Лили сняла двухкомнатную квартиру и устроилась работать на бензоколонку на окраине Лидчёпинга. Но каждый год 11 января она ездила на Уруст, пила кофе и возлагала цветы, теперь уже четыре штуки. Обычно она останавливалась на Урусте на несколько дней, жила в пансионате, и постепенно у нее завязались новые отношения с островом, забравшим ее единственного ребенка.

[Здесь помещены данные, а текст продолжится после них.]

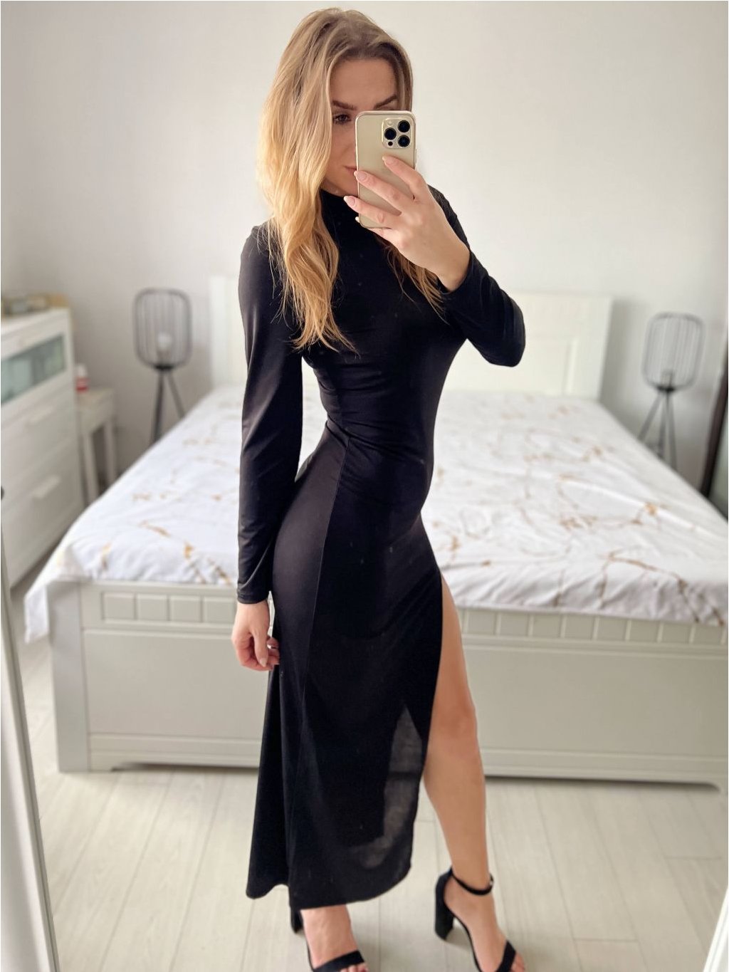 Dlouhé třpytivé šaty s dlouhým rukávem a vysokým rozparkem. Šaty mají ramenní vycpávky.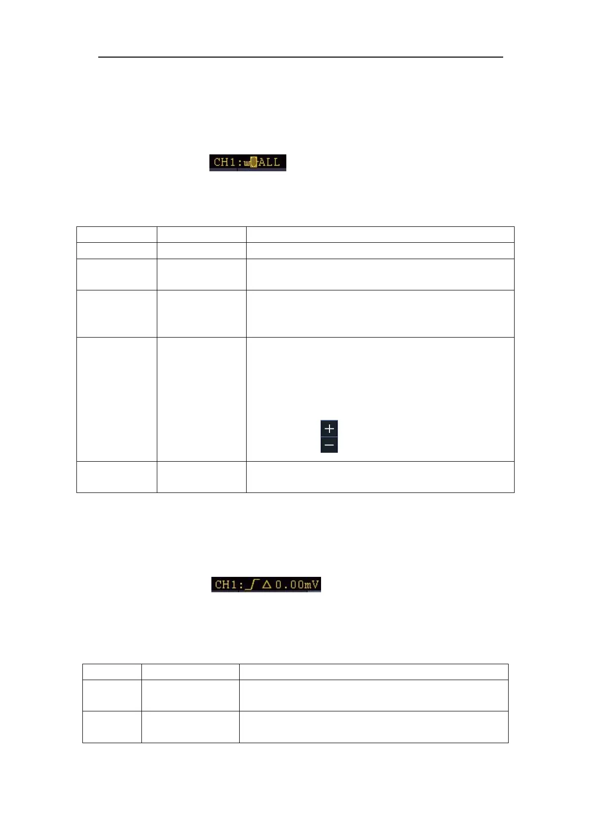 trigger source is CH1, slope is rising, 0.00mV is the differential between up level and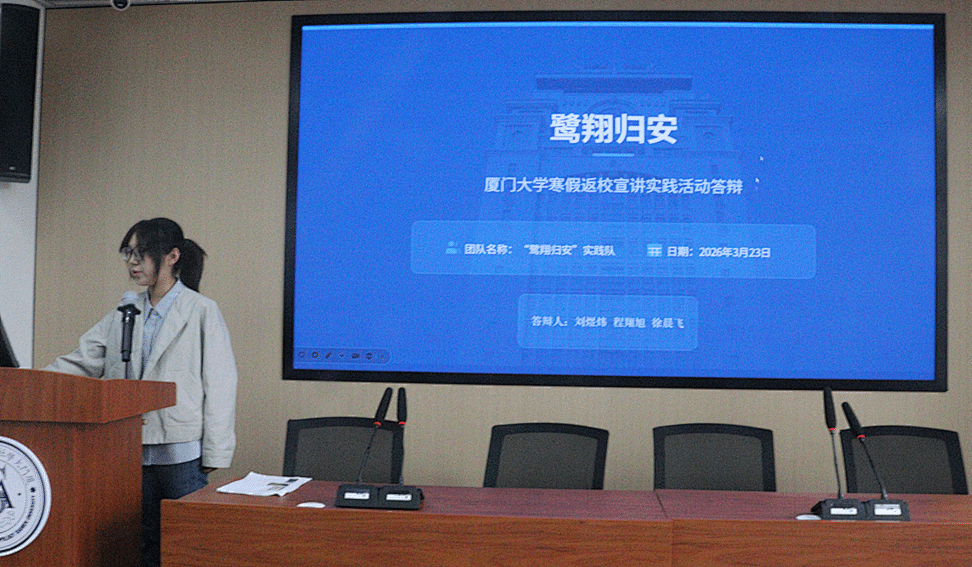 为全面梳理实践育人成效,擘画新学期实践育人蓝图,3月23日,我院2026年寒假社会实践答辩大会在海韵园A102学术报告厅顺利举办。学院本科生辅导员黄诗玲、校院两级社会实践相关负责人及各实践队代表参与此次大会。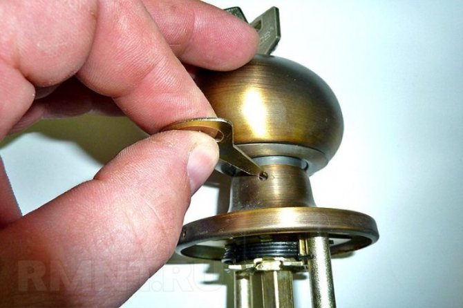 Si nous parlons de démonter une poignée ronde avec une douille, il est nécessaire de préciser que le mot "douille" est généralement compris comme un mécanisme qui permet de verrouiller la serrure à l'aide d'une petite clé d'un côté, qui n'est pas utilisée d'un autre côté. Il y a un agneau spécial sur le deuxième côté.

Здесь окружающая ее пустота воспринималась более интимной, менее пугающей, словно она была чем-то наполнена. А дома в Лидчёпинге было просто пусто и мертво. Там подстерегала пропасть, готовая в любую минуту поглотить ее.
Выйдя на пенсию, она решила переехать обратно на Уруст. Ее доля родительского наследства все время лежала на счете, денег с лихвой хватило на домик со свежим ремонтом и всеми удобствами, расположенный в лесу на севере острова. Таким образом она перебралась поближе к своему единственному живому родственнику, племяннику Буссе, чья квартира располагалась на окраине Гетеборга. Он был единственным ребенком ныне покойной старшей сестры Лили, когда-то они были достаточно близки, но с тех пор, как он вырос, общались мало. Он был одиночкой, и, насколько Лили знала, никогда не имел ни семьи, ни более или менее длительных отношений, все большее место в его жизни занимал алкоголь. При этом он был добрым и душевным человеком, и Лили хотелось видеться с ним чаще. Ведь все ее немногочисленные друзья уже лежали в могиле.
Ее ничто и нигде не удерживало.
Самые глубокие отношения связывали ее с этим берегом, где она потеряла своего сына, с тем морем, что забрало его.
* * *
Нынешнее 11 января ничем не отличалось от предыдущих. Приехав на место, она, как обычно, прошла кружок с Лизой. Обычно она старалась не ходить мимо дома, где они с Улофом и Юханом жили в те счастливые годы, до того, как все кончилось, до того, как возникла большая пустота. Потом Лили оставила собаку в машине, а сама спустилась с корзинкой к скамейке, стоявшей на месте старого бревна.
Она смотрела на море. Вспоминала звуки шагов Юхана по камням.
И вдруг снова услышала шаги. Звук маленьких ножек.
Она услышала шаги.
По-настоящему. Звук шагов.
От дома вниз сбегал мальчик. Он бежал очень быстро, словно всерьез куда-то торопился, и он был без куртки.
Лили узнала его. Это был паренек из магазина, тот, что обычно гладил Лизу. Что он здесь делает? Неужели живет в их доме? Но почему он один?
Мальчуган должен был заметить ее, но он мчался к морю, как будто ему нельзя было терять ни секунды. Подбежав к узким мосткам, он замедлил ход, и теперь уже размеренными, но решительными шагами направился к большому камню.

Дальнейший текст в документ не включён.